When the new First Regiment of United States Infantry paused at Marietta, Ohio, on its way to garrison Vincennes, its officers made a gay little court there for a time. The young Major Hamtramck—contemptuously called by the Indians "the frog on horseback," because of his round shoulders—found especial pleasure in the society of Marianne Navarre, who was a guest at the house of General Arthur St. Clair; but the old general viewed this predilection with disfavor, because he had hoped that his own daughter would make a match with the major. But Louisa longed for the freedom of the woods. She was a horsewoman and a hunter, and she had a sentimental fondness for Indians.

When Joseph Brandt (Thayendanegea) camped with his dreaded band near the town, it was she who—without her father's knowledge, and in the disguise of an Indian girl—took the message that had been entrusted to a soldier asking the tribe to send delegates to a peace council at the fort. Louisa and Brandt had met in Philadelphia some years before, when both were students in that city, and he was rejoiced to meet her again, for he had made no secret of his liking for her, and in view of the bravery she had shown in thus riding into a hostile camp his fondness increased to admiration. After she had delivered the message she said, "Noble warrior, I have risked my life to obtain this interview. You must send some one back with me." Brandt replied, "It is fitting that I alone should guard so courageous a maiden," and he rode with her through the lines, under the eyes of a wondering and frowning people, straight to the general's door. Soon after, Brandt made a formal demand for the hand of this dashing maid, but the stubborn general refused to consider it.
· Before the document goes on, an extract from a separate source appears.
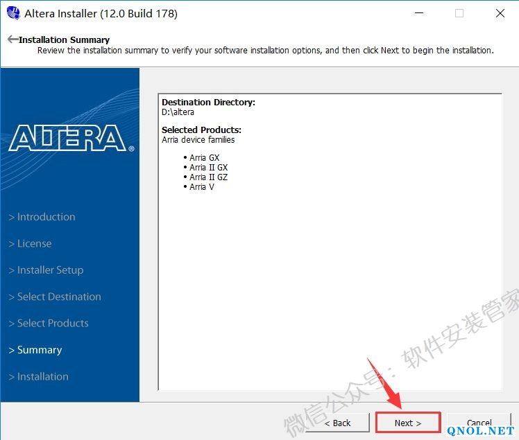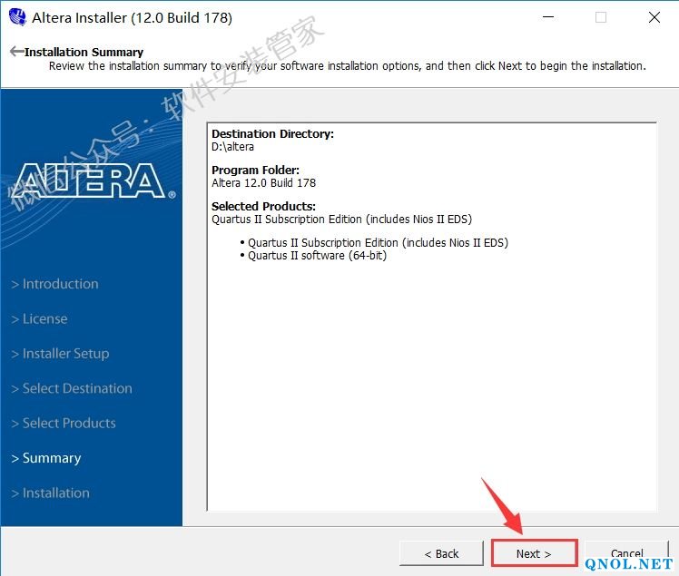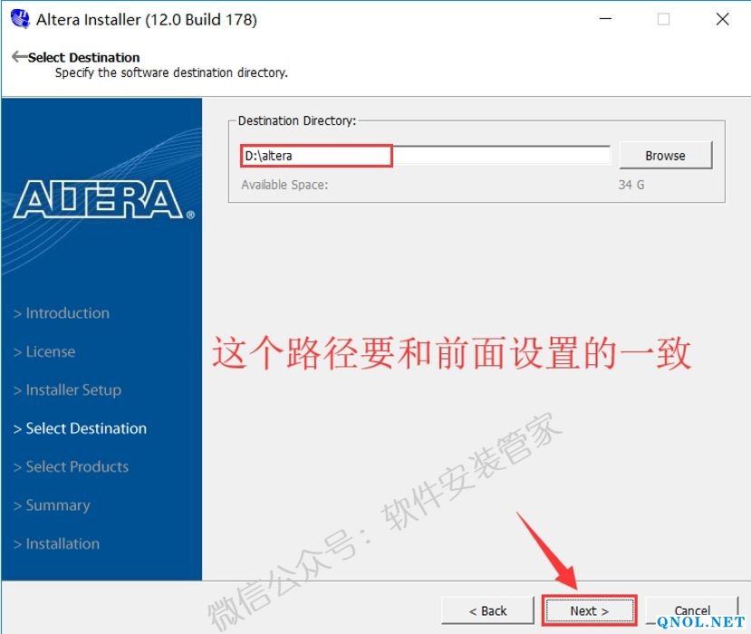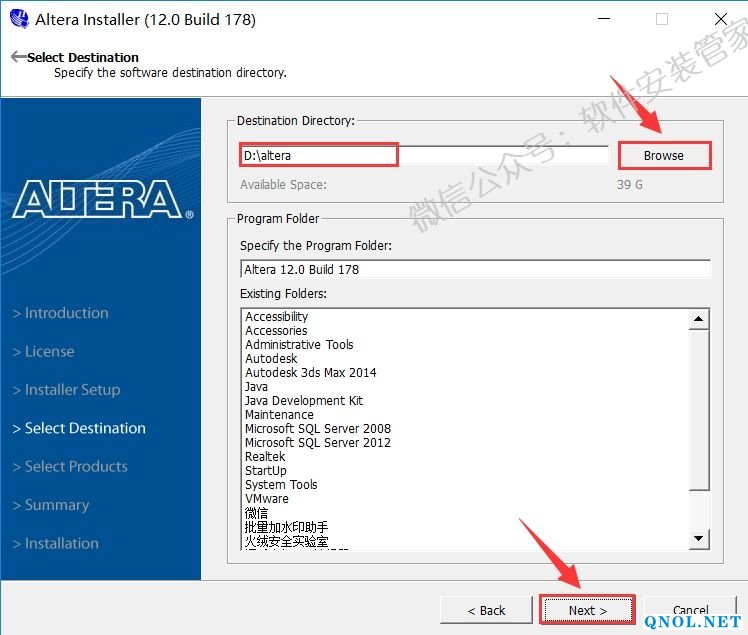 9.点击【Browse】更改软件的安装路径,建议安装在除C盘之外的其它磁盘,可以在D盘或其它磁盘新建一个【altera】文件夹,然后点击【Next>】。

He was determined that she ought to love Major Hamtramck, and he told her so in tones so loud that they reached the ears of Marianne, as she sat reading in her room. Stung by this disclosure of the general's wishes, and doubting whether the major had been true to her—fearful, too, that she might be regarded as an interloper—she made a pretext to return as quickly as possible to her home in Detroit, and left no adieus for her lover.

It was not long after that war broke out between the settlers and the Indians, for Brandt now had a personal as well as a race grudge to gratify, though when he defeated St. Clair he spared his life in the hope that the general would reward his generosity by resigning to him his daughter. At all events, he resolved that the "frog on horseback," whom he conceived to be his rival, should not win her. The poor major, who cared nothing for Louisa, and who was unable to account for the flight of Marianne, mourned her absence until it was rumored that she had been married, when, as much in spite as in love, he took to himself a mate. After he had been for some time a widower he met Marianne again, and learned that she was still a maiden. He renewed his court with ardor, but the woman's love for him had died when she learned of his marriage. Affecting to make light of this second disappointment, he said, "Since I cannot be united to you in life, I shall be near you in death."

"A soldier cannot choose where he shall die," she answered.

"No matter. I shall sleep in the shadow of your tomb."

As it fell out they were indeed buried near each other in Detroit. Thus, the stupidity and obstinacy of General St. Clair, in supposing that he could make young folks love to order, thwarted the happiness of four people and precipitated a war.